Sekarang ini, bagaimanapun, tidak banyak diketahui mengenai pola variasi crosslinguistic (lintas
bahasa) di bidang kekuatan ekspresif untuk meyakinkan dalam mendukung sebuah tatanan
signifikan dari ke-universalan-nya. Namun demikian, beberapa pekerjaan di tipologi linguistik
telah menunjuk ke arah kemungkinan korelasi antara kekuatan ekspresif dan berbagai sifat
linguistik lainnya. Misalnya, dalam tipologi fonologis, telah disarankan bahwa intonasi dikaitkan
dengan kurangnya kekuatan ekspresif dalam bahasa tonal (yang mempergunakan gaya suara)
dibanding mereka yang non-tonal.

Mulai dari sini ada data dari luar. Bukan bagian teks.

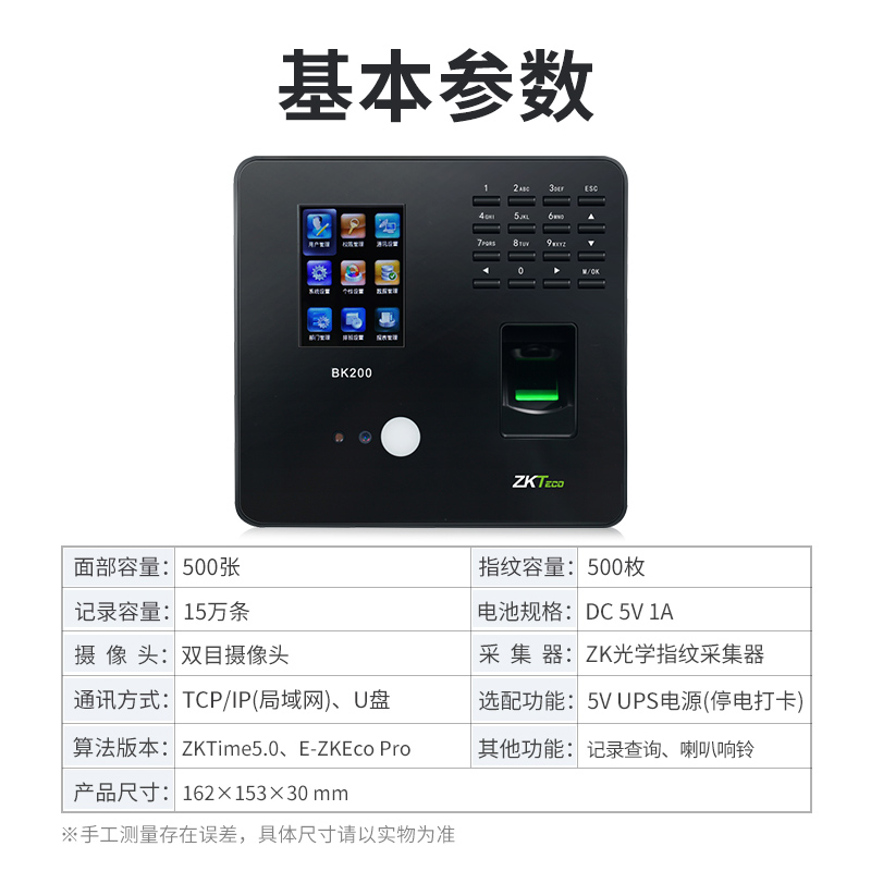 ZKTECO 熵基科技智能人脸识别指纹考勤机指纹式打卡机签到机器上班刷脸识别面部考勤ZK3960 BK200(动态人脸识别) 标配

Sama halnya, dalam tipologi morfologi, kata umumnya
diberkahi dengan kurangnya kekuatan ekspresif dalam bahasa yang terisolasi daripada yang
synthetic (tiruan), dan kurangnya kekuatan ekspresif di bahasa synthetic daripada yang
polysynthetic, seperti Bahasa Australia Mayali, di mana satu kata gayauganjngunihmiwagecan
bisa berarti ‘anak yang merangkak dan memakan daging’. Sejalan dengan itu, dalam sintaksis
typology, kalimat umumnya kurang dilengkapi dengan kekuatan ekspresif dalam seperti bahasa
Inggris dan bahasa Eropa lainnya dibandingkan dalam beberapa bahasa Papua biasa disebut
klausa tipe berantai, di mana satu kalimat dapat menceritakan serangkaian peristiwa yang, di
sebagian besar bahasa lainnya, akan membutuhkan urutan kalimat yang lebih panjang.
Sementara beberapa fakta dan generalisasi tentang kekuatan ekrepresif dari sebuah bahasa dapat
dipertanggungjawabkan untuk kaidah tipologi linguistik, yang lain tampaknya akan dihasilkan
melalui faktor extralinguistik, sementara yang lain akan menolak terhadap apapun jeni
penjelasan, daripada mencerminkan kesewenang-wenangan dari bahasa dan struktur linguistik.